‘Arise Now and Be a Nation Again’: The neverending story of Scotland’s history

Gerry Hassan

Scottish Review, March 23rd 2016

Tom Devine has been a huge intellectual influence in Scotland in recent decades, having made major and thoughtful contributions to many important historical and contemporary debates.

His latest work, ‘Independence or Union: Scotland’s Past and Scotland’s Present’ is part a summary of his previous research, ‘The Scottish Nation’ and his work on Scotland’s Empire, seen through the prism of Scotland’s place and influence in the union.

This descriptive, wide-ranging book covers not only over 300 years of Scottish history, but huge changes, the rise and fall of ideas and powerful forces, along with this nation’s place in a wider context: most critically, its relationship with England, but also with its European neighbours, and Empire and Commonwealth. Devine, for much of this story has a real way of telling this, while giving a place for people, traditions and the many complexities involved.

Devine tells the story well of the Scotland pre and post-union, and the difficult dilemmas and competing pressures that parliamentarians and leaders had to weight up. There is a sense of balance and geo-political awareness for the Scotland of immediately before and the years after 1707, and the issues of Scottish autonomy in the union, London’s view of Scotland, the Scottish need for access to greater trade opportunities, the running sore of taxes and duties and the contradictory relationship between Jacobinism and the union alongside the role of Presbyterianism, which puts the 1715 and 1745 risings in proper context.

Devine draws on previous research to paint a picture of a fast changing society: emigration and immigration, the influence of religious faith, the importance of the Kirk, the role of the Catholic Church and place of Irish Catholics in society.

The emergence of industrial Scotland in the late 18th and 19th centuries is given its proper place: what can only be seen as a Scottish Great Leap Forward which turned upside down much of life. Devine emphasises the critical experience of Glasgow and the West of Scotland as ‘the workshop of the world’, but never falls into Clydeism, and also references many other parts of the country, such as Dundee’s ‘Juteopolis’ to the Borders’ textile industries. Similarly, later on in the book, the bitter, divisive, painful experience of deinsdustrialisation in the 1970s and 1980s is put into context.

Scotland’s global place is central to this. The experience of Scots leaving for new opportunities often because of bleak prospects at home, the role of the imperial warrior at war and the Scots who made the Empire, are all told well.
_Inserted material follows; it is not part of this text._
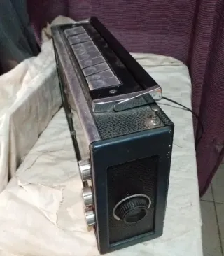 Radio portatile Grundig Satellit 2000, un classico per gli appassionati.funzionsnte - Design vintage con finiture argentate e nere. - Altoparlante frontale a griglia. - Manopole per la sintonia e il volume. - Indicatore di frequenza luminoso.

Where Devine is less convincing is the story of contemporary Scotland: the rise and fall of Scottish Labour, the emergence of the constitutional question, and the establishment of the SNP as Scotland’s leading party. This is reinforced by the structure of the book which is divided into two equal sections. The first, ‘Unionism Triumphant’ covers the first 250 years of the union. The second, ‘The Union Challenged’ covers the last 50 years and, despite its length, is more sketchy and impressionistic.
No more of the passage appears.